The good part of webgl globe is scaling of huge data as well as a better 3D modelling of data with which a user can interact nicely. The library assumes the data to be a continuous repetitive Array of three values i.e (latitude, longitude, magnitude). For eg. [23.45678, -123.98765, 0.006428] which means the geographic coordinates(23.45678, -123.98765) actually represent a particular location and the magnitude(0.006428) basically tells the library the normalized magnitude weightage for that location. What I mean by normalized magnitude weightage is: mostly the data-set values cover a wide range, so for it’s representation, it is necessary to club the duplicates and then the magnitude for each location has to be normalized. Normalizing of data simply refers to the mapping of domain range to the desired output range. The library expects the magnitude values to be in [0, 1] range. The simple way of normalizing the values is as follows:
// assuming magnitude Array to be [69, 20, 46, 1 , 8, 15, 96, 100, 2]
1. Find the largest value (in our case, it’s 100)
2. Divide each value(magnitude) of Array with the largest value.
3. So, the Normalized array as per the basic maths would look something like: [0.69, 0.20, 0.46, 0.01, 0.08, 0.15, 0.96, 1, 0.02]
Just for the understanding and co-relation, one can relate these values to the density of population in a particular location assuming data-set to be number of users.
Again, to get the geocodes for different users’ location from twitter data, I had to use some public API. What can be better than using the Google Maps Geocoding API for this purpose.
Product Hunt Geographic distribution of users is now listed on Google Experiments Site also.
Technical Challenges faced
The most common limitation dealing with third-party public APIs is Rate Limiting and that too when different services have their own limits. Below are the different late limiting criteria for three different third-party public API’s I used for generating the final plot-able data-set.
- ProductHunt API (PHAPI) -
Rate limiting is applied per application. You can make up to 900 requests every 15 minutes.
- Twitter API(TAPI) -
It allows maximum 180 API Requests / 15-min window for both: user-auth and app-auth.
- Google Maps Geocoding API (GMGAPI) -
Users of the standard API can make up to 2,500 free requests per day maintaining no more than 10 requests per second otherwise paid plans will do the needful.
Now one can simply imagine the overhead to tackle each API limits separately. Below are the response times along with the list returned by each API tested on a micro Amazon EC2 Instance.

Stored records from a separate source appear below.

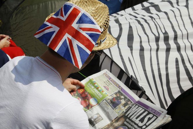 Los ciudadanos de Londres pintan sus caras con colores de la bandera británica.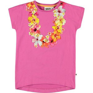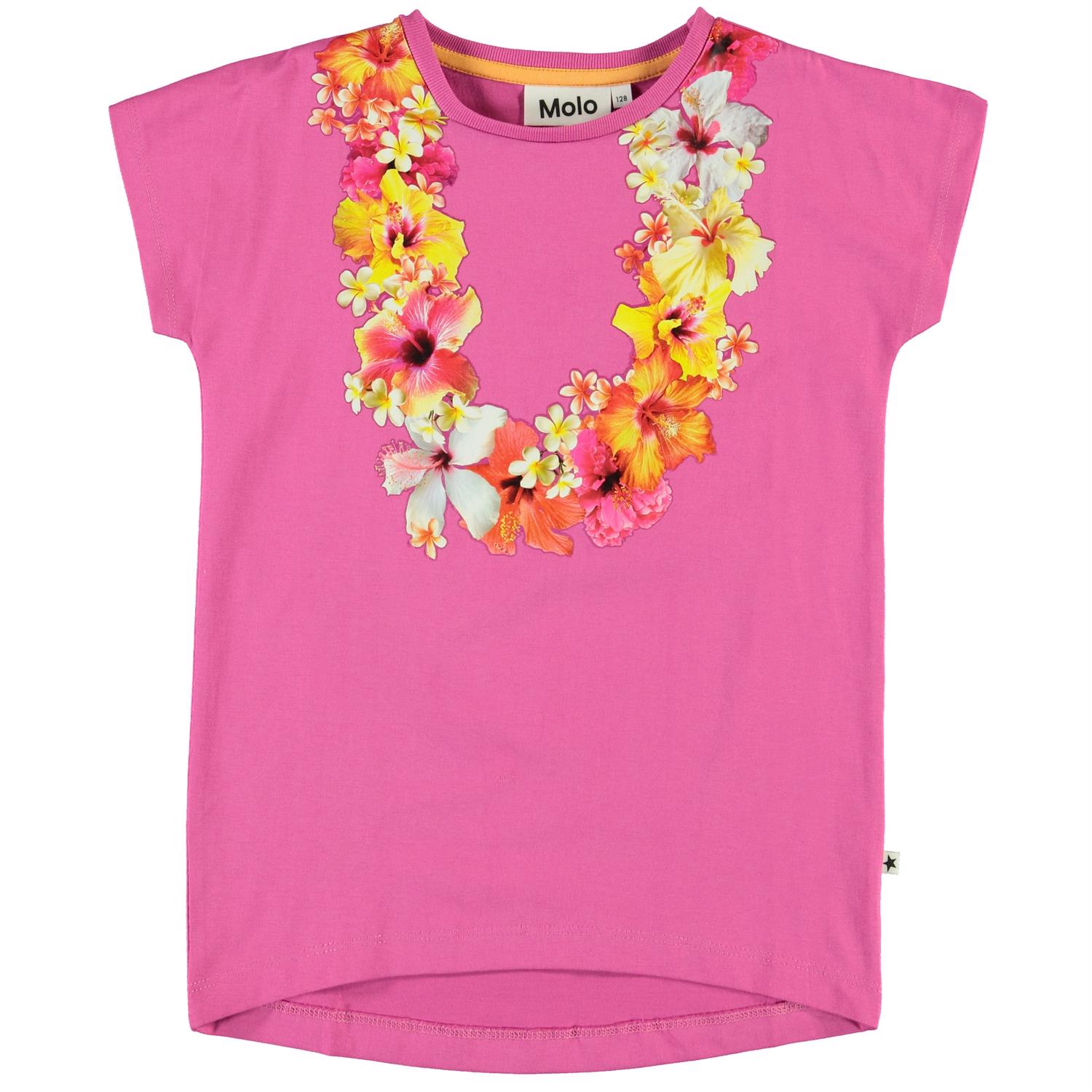 Ragnhilde är en rosa t-shirt med en blomkranstryck runt halsen. T-shirten är i 100% bomull och har uppvikta ärmar.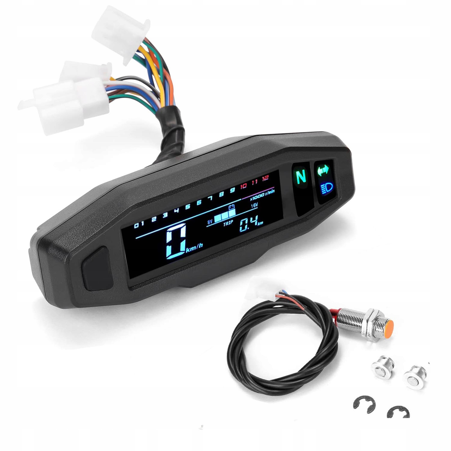 Несмотря на небольшой размер, мини-спидометр имеет четкий ЖК-дисплей, позволяющий легко считывать параметры. во время езды на мотоцикле, как днем, так и ночью. Кроме того, несмотря на свой меньший размер, спидометр предлагает множество дополнительных функций, таких как индикатор уровня топлива, индикатор оборотов и т. д.
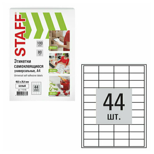 Этикетка самоклеящаяся 48,5х25,4 мм, 44 этикетки, белая, 80 г/м2, 100 листов, STAFF, 115185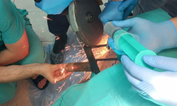 Спасатели, действуя с ювелирной точностью, отпилили рукоятку вил и разъединили зубья сельскохозяйственного инструмента. После того как в голове пострадавшего осталось только несколько металлических зубьев, за дело взялись хирурги.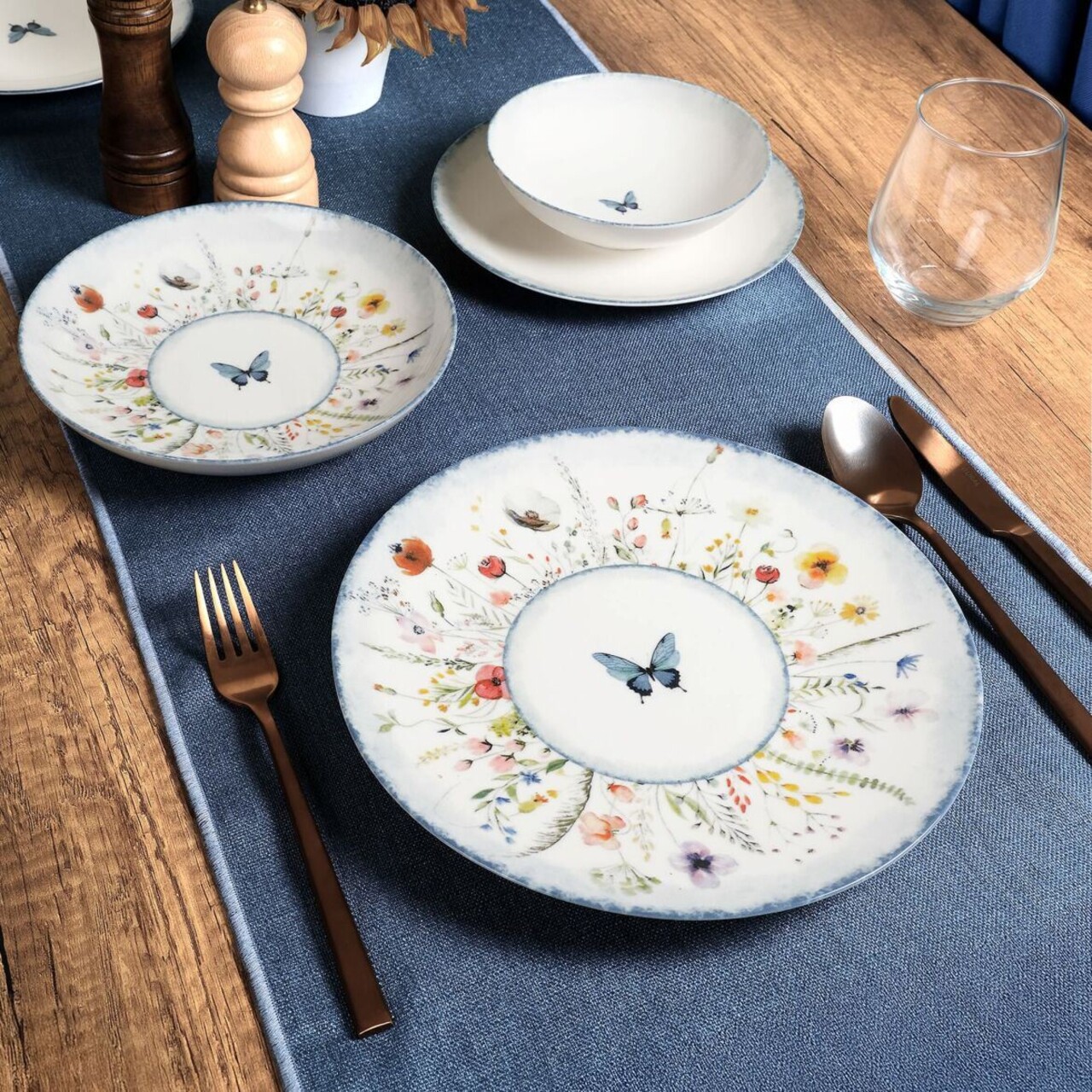 Serviciu de masa, Hermia, 710KTP3683, Farfurie: 20 x 20 cm (4 bucăți), Crem / Albastru
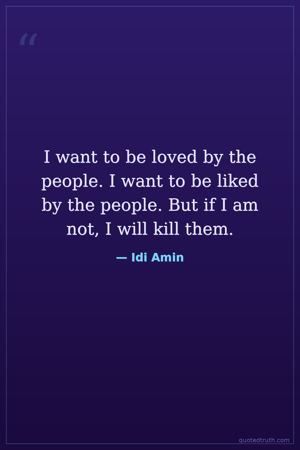 I want to be loved by the people. I want to be liked by the people. But if I am not, I will kill them.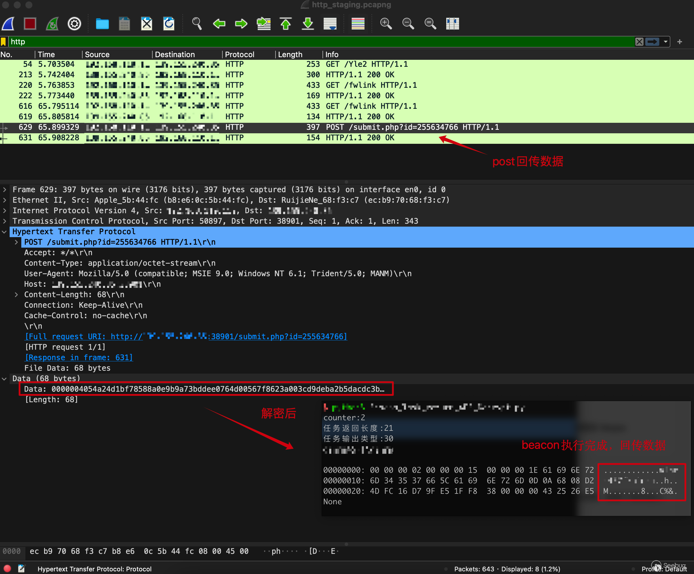 識別出心跳請求、結果回傳、元數據提交、payload下載四種cs流量。

- PHAPI returns 100 users list in approx 1 sec / request
- TAPI returns 100 users list in less than 1 sec / request
I was able to send and get synchronous 180 requests’ data within less than a-minute. But let me correct, one has to sit idle for the next 14.5 minutes.
- GMGAPI returns geocode in less than 1 sec / request.
Let’s do some basic maths here,
- PHAPI returns approx. (100*60*15 = 9,00,00) users per 15-min window.
- TAPI returns approx. (180*100 = 18,000) users per 15-min window.
- GMGAPI returns approx. (2500) free geocodes per day.
One can notice the significant difference among the data returned by three different APIs. This was really a pain in the ass. Oh, God!
What could be done to overcome GMGAPI limit?
Challenges Accepted, My Lord !!
Workarounds / Hacks for the Challenges faced
PHAPI is good enough and I was able to get 4 lakhs users list in a reasonable time span of 1 hour 10 minutes (100*60*60*1.1 ≈ 4,00,000). This was technically good response time for my service, indeed.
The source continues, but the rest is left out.